I have long been a fan of First Defence, which is an anti-viral gel you squirt up  your nose and while it works, if used right, it is utterly vile and trickles down the back of your throat and I swear makes you feel worse.

So I feel pretty perky at the idea of this stuff, which you spray in your throat (so much less invasive and intimate than up the nose) and reviews say that it tastes of “slightly sweet water” which is better than the toilet-cleaner reek of First Defence.

Anyway I haven’t tried it yet but I’m off to buy some later. If you have any experiences with this feel free to post your thoughts in the handy comments section below.

Nappy grab-bags


I am at a very particular stage – toilet-wise – with my son, who is 2.5.

I have attempted potty-training once or twice and it is clear that he vaguely knows what I mean, but isn’t quite there yet. His nursery doesn’t care if he’s not potty-trained yet and I don’t really care so I’ll wait until Spring.

Until then, when for some weeks leaving the house requires a bag containing a full change of clothes, a nose peg and a hip flask, we can go about our business, scuse the pun, packing only an emergency nappy change.

But I find toting about the necessary stuff annoying;  I want to trip about lightly with only a cross-body bag, not a stupid massive nappy change bag like I’ve still got a baby. So at the bottom of every bag there seems to be a scuffed nappy and sad half-empty pack of wipes. The wipes then get snatched away for some sort of spill or other emergency and then you forget to put them back and then you’re out and about and a beastly smell drifts over to your nostrils from the back of the car, and…
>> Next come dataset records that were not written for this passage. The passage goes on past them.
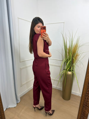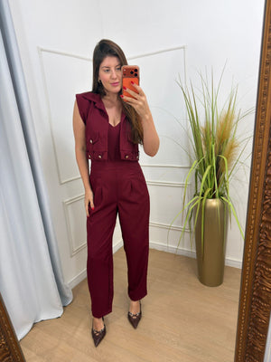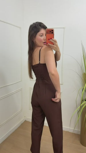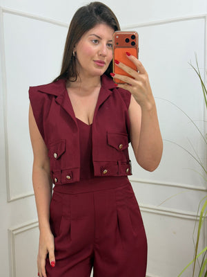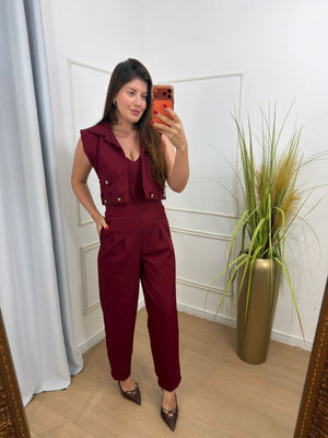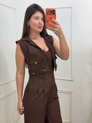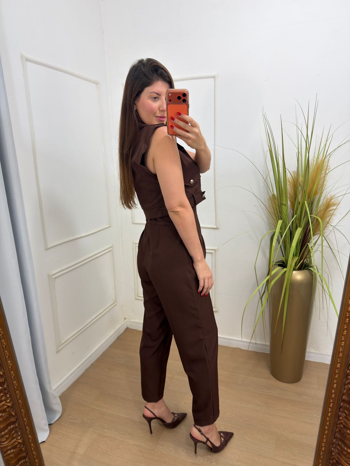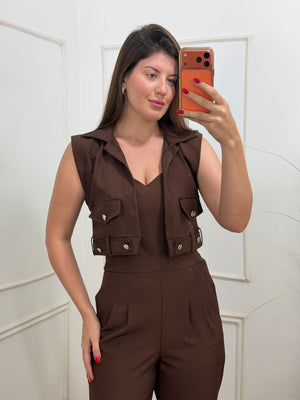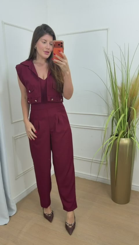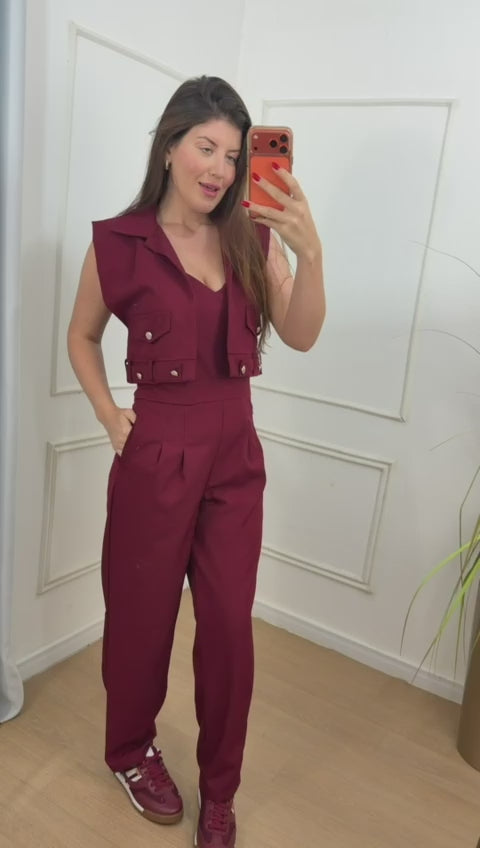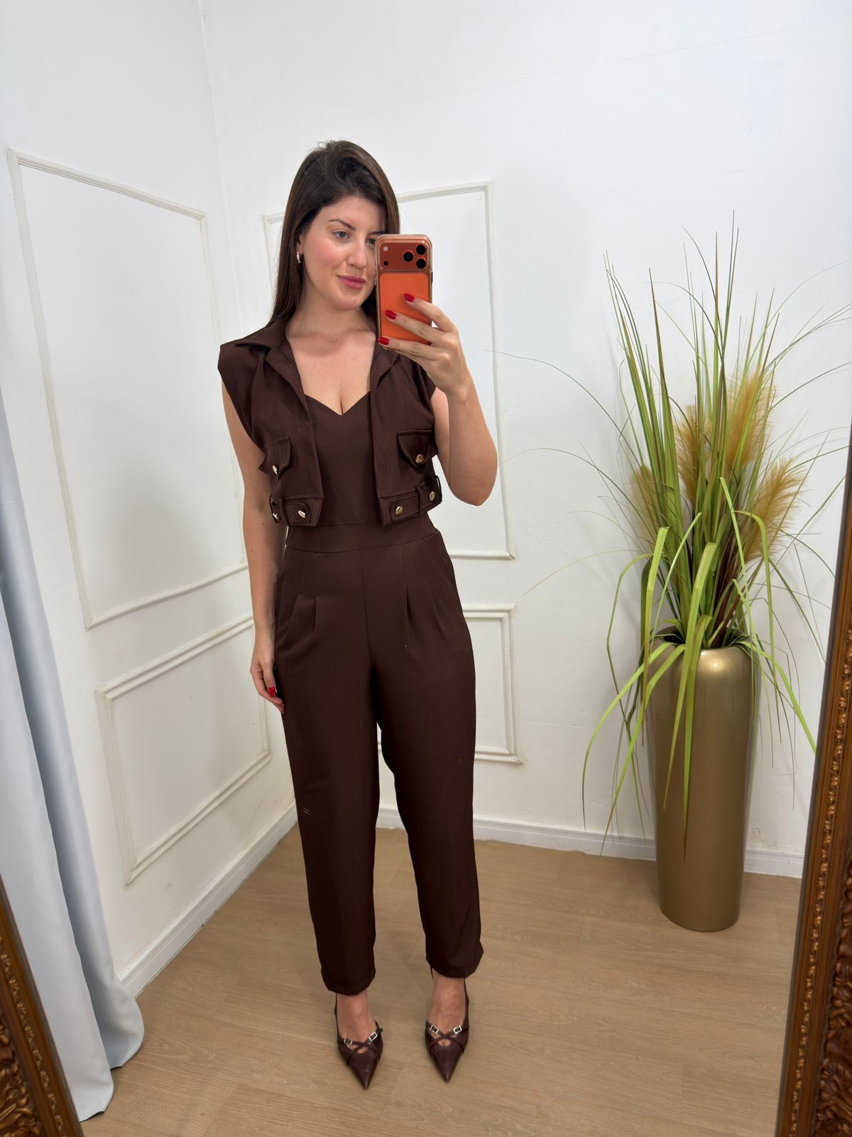 Macacão na alfaitaria crepe tecido encorpado possui bolsos, ele é de alça e acompanha casaqueto elástico na cintura na parte das costas e zíper.
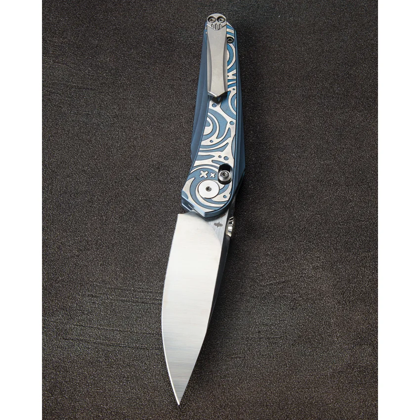 4.5″ (11.43cm) closed. 3.5″ (8.89cm) satin finish Bohler M390 stainless blade. Blue and silver titanium handle. Thumb disk. Pocket clip. Black nylon zippered storage case. Boxed.
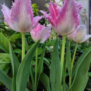 おはようございます🧓 晴れていますが…風が強いです✨☀️🍃 昨年…GSの花友さんのお写真を見せて頂き育てたくなったハウステンボスです🌷 花弁の縁に細かい切れ込みが入ったフリンジ咲き…ピンクと白のグラデーションがとても綺麗で優雅なチューリップです🩷🤍🥰 今日の強い風でユラユラ…折れそうで心配です🤣 不安定なお天気予報です…お気をつけてお過ごしくださいませ✨🍀💕
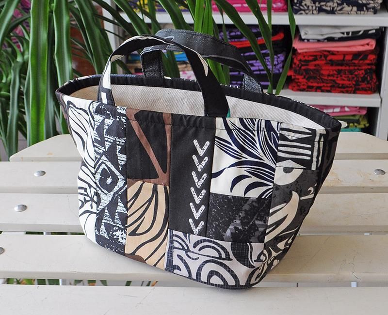 TOP > 〜新商品〜 Pink Lei【1点もの】ハワイアンパッチ・ミニミニトートバッグ ブラック&オフホワイト
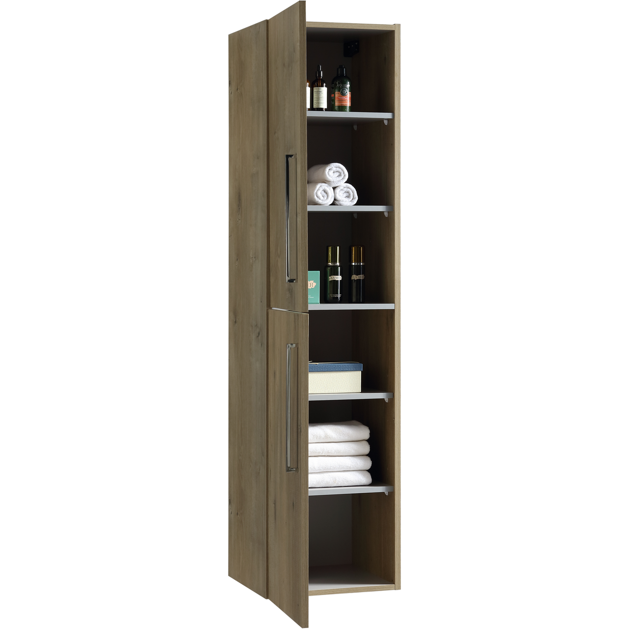 Lind Continental er en moderne møbelserie, som passer godt inn i de fleste baderom. Dette høyskapet har rette linjer, og en foliert overflate med imitasjon av tre. Den folierte overflaten gjør rengjøringen enklere, og bevarer møbelets slitestyrke.
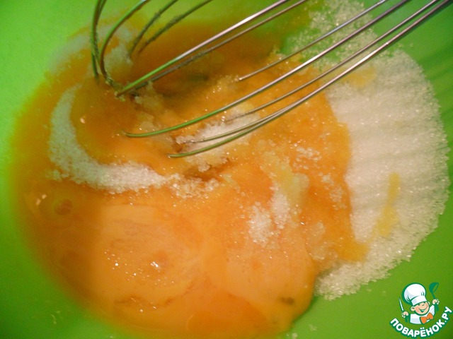 Желтки отделяем от белков. В желтки всыпаем сахар и хорошенько перетираем добела, чтобы сахар почти растворился. Можно сделать это с помощью миксера.
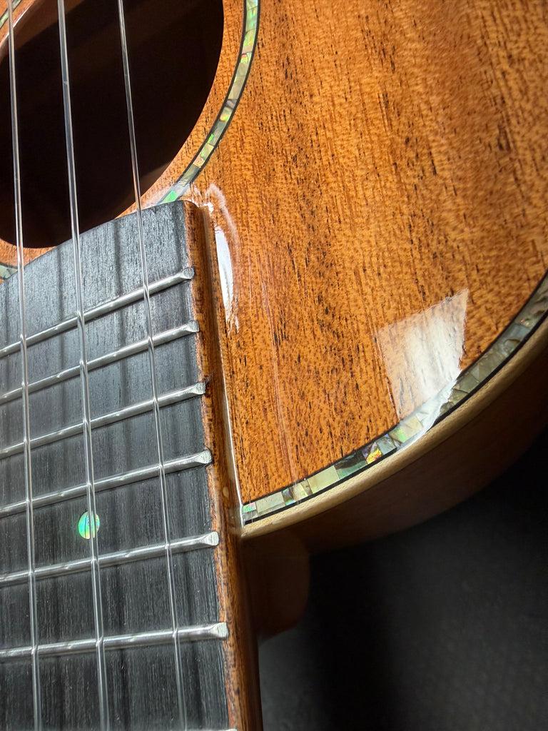 • Maple Binding and Abalone Inlays: The maple binding and abalone inlays around the body and soundhole add a touch of elegance to the ukulele's appearance.
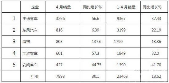 2016年4月客车销售数据简析
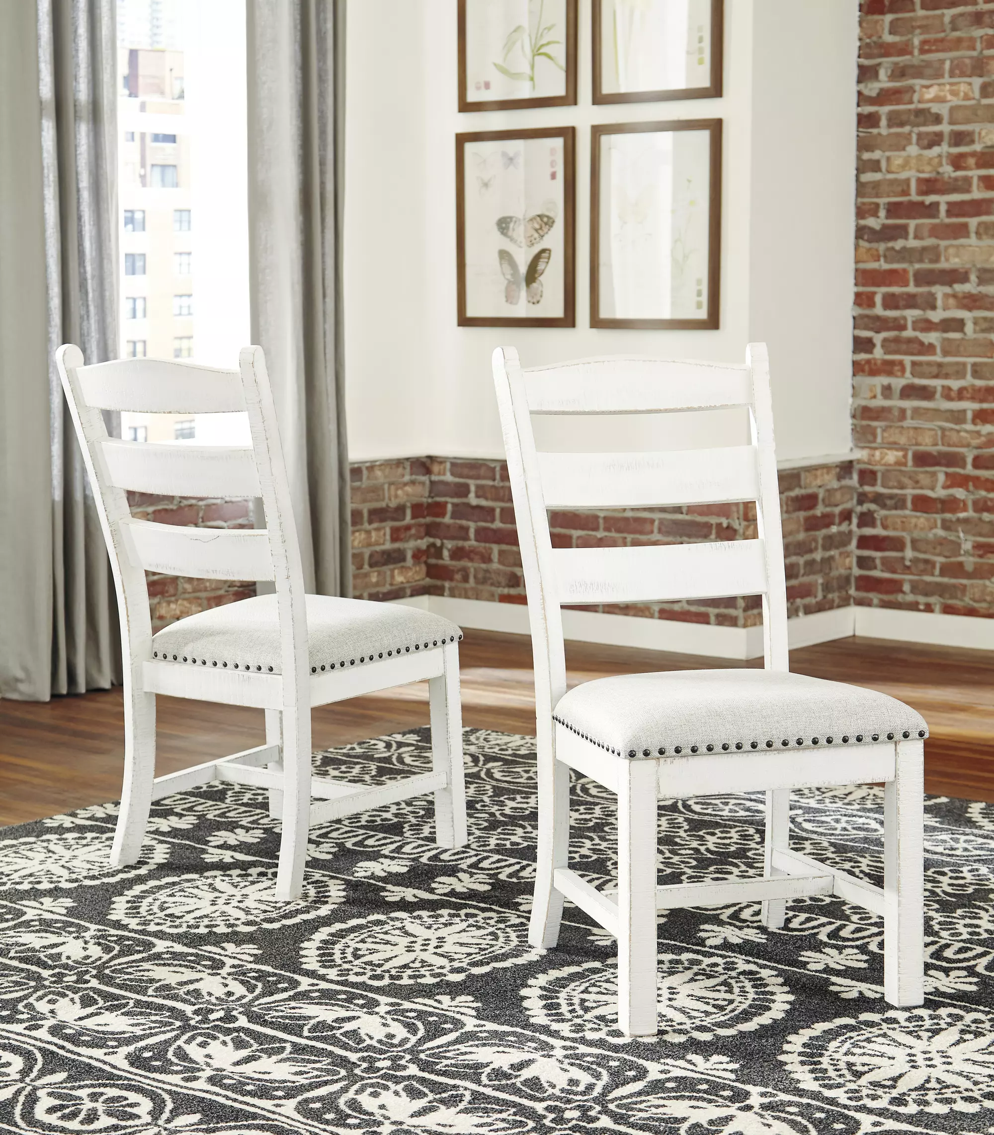 DescriptionWhether you’re pining for cottage charm or modern farmhouse sophistication, this dining room upholstered chair, with its timeless ladderback styling, is something to savor. The vintage white finish exudes a sense of ease that’s made all the more enticing thanks to a cushioned seat wrapped in a soothing gray linen colored textural fabric.
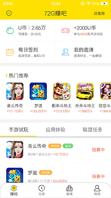 3、玩应用:用户可以通过安装使用应用以及评论等方法赚U币,下载app上的应用软件安装好后体验一会,就会收到U币,试玩过程中还可以发现好玩的应用
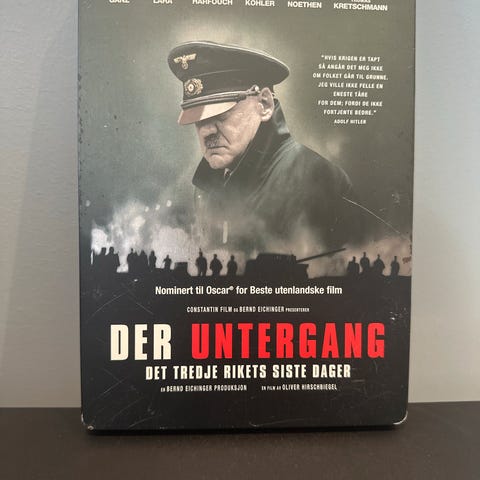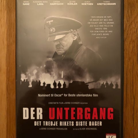 "Der Untergang: Det tredje rikes siste dager" fra 2004 på DVD med norsk tekst. Spesialversjon med 2 disker og mye ekstramateriale.
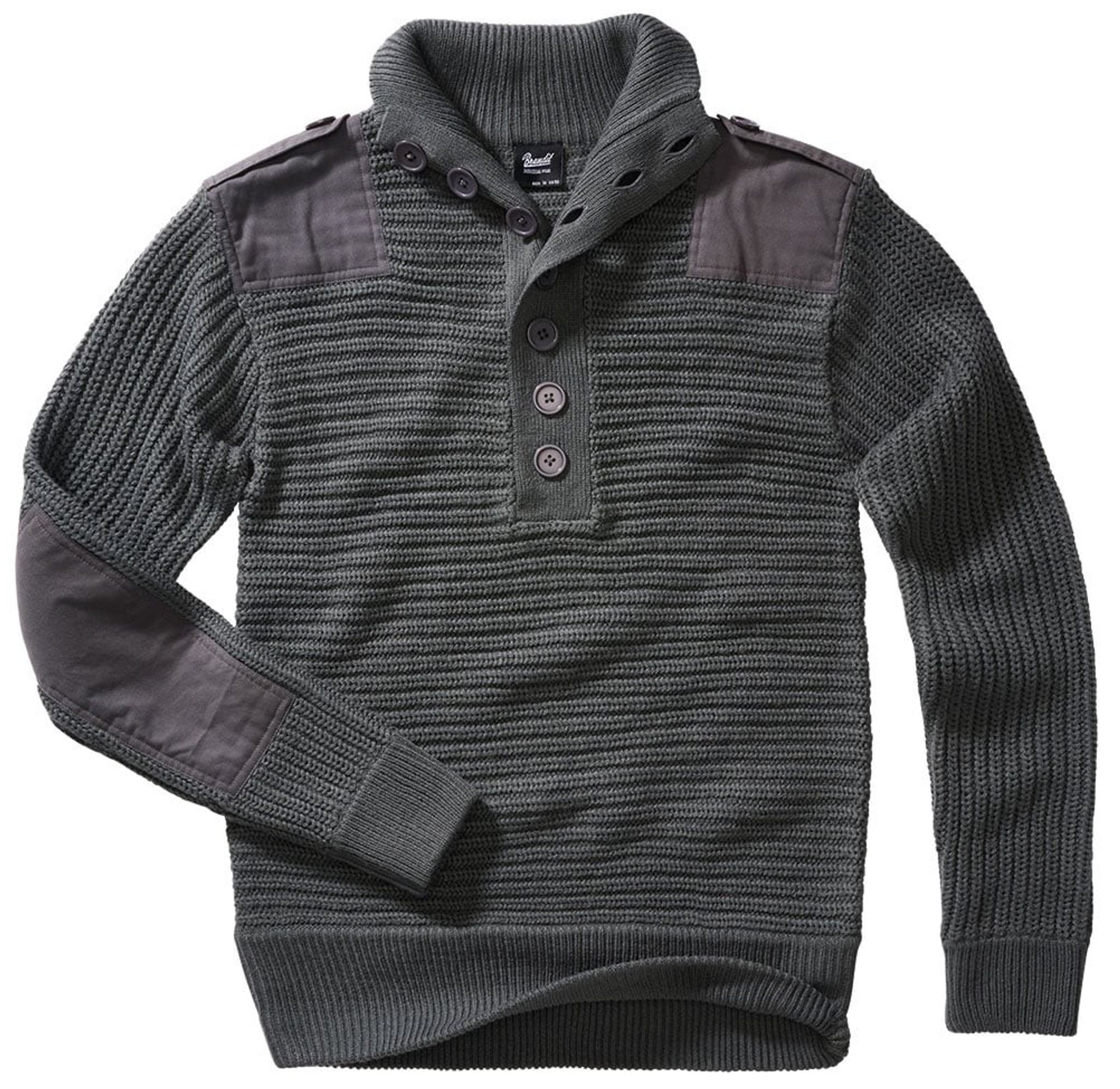 I ärmslut och midja sitter det breda elastiska muddar. Armbågarna och axlarna är förstärkta och axlarna är försedd med klaffar. Den stickade sweatern har en hög hals som knäpps med matchande knappar.
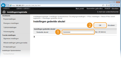 Typ maximaal 24 alfanumerieke tekens voor de gedeelde sleutel en klik op [OK].

So I have come up with a system of packing a resealable freezer bag with one nappy folded over and a clutch of wipes sealed in another bag and a balled-up pair of surgical gloves and a nappy bag for good measure. I have packed up about five of these little grab-bags and have stashed one in every bag and one in the car with two spare in the house that I can toss to my husband as he wanders off with the kids without even a packet of tissues let alone the makings of a three course meal, crampons, a spare potty an Epi Pen and a mini DVD player and 30 CBeebies DVDs in case he has to go to A&E!!! Chuh men.

As you seal the final outer bag you can squeeze all the air out of it and it ends up being quite a small package and fits into one of my husband’s back jeans pockets, which is the only place is is willing to carry stuff when he takes the kids anywhere.

The nappies don’t get scuffed and fluffy, the wipes don’t get pinched for another job and the thing about a pair of surgical gloves is that they seem a preposterous overkill until you really need them – in which event you want to jump backwards in time and give your former self a big hug and a Twix to say thanks.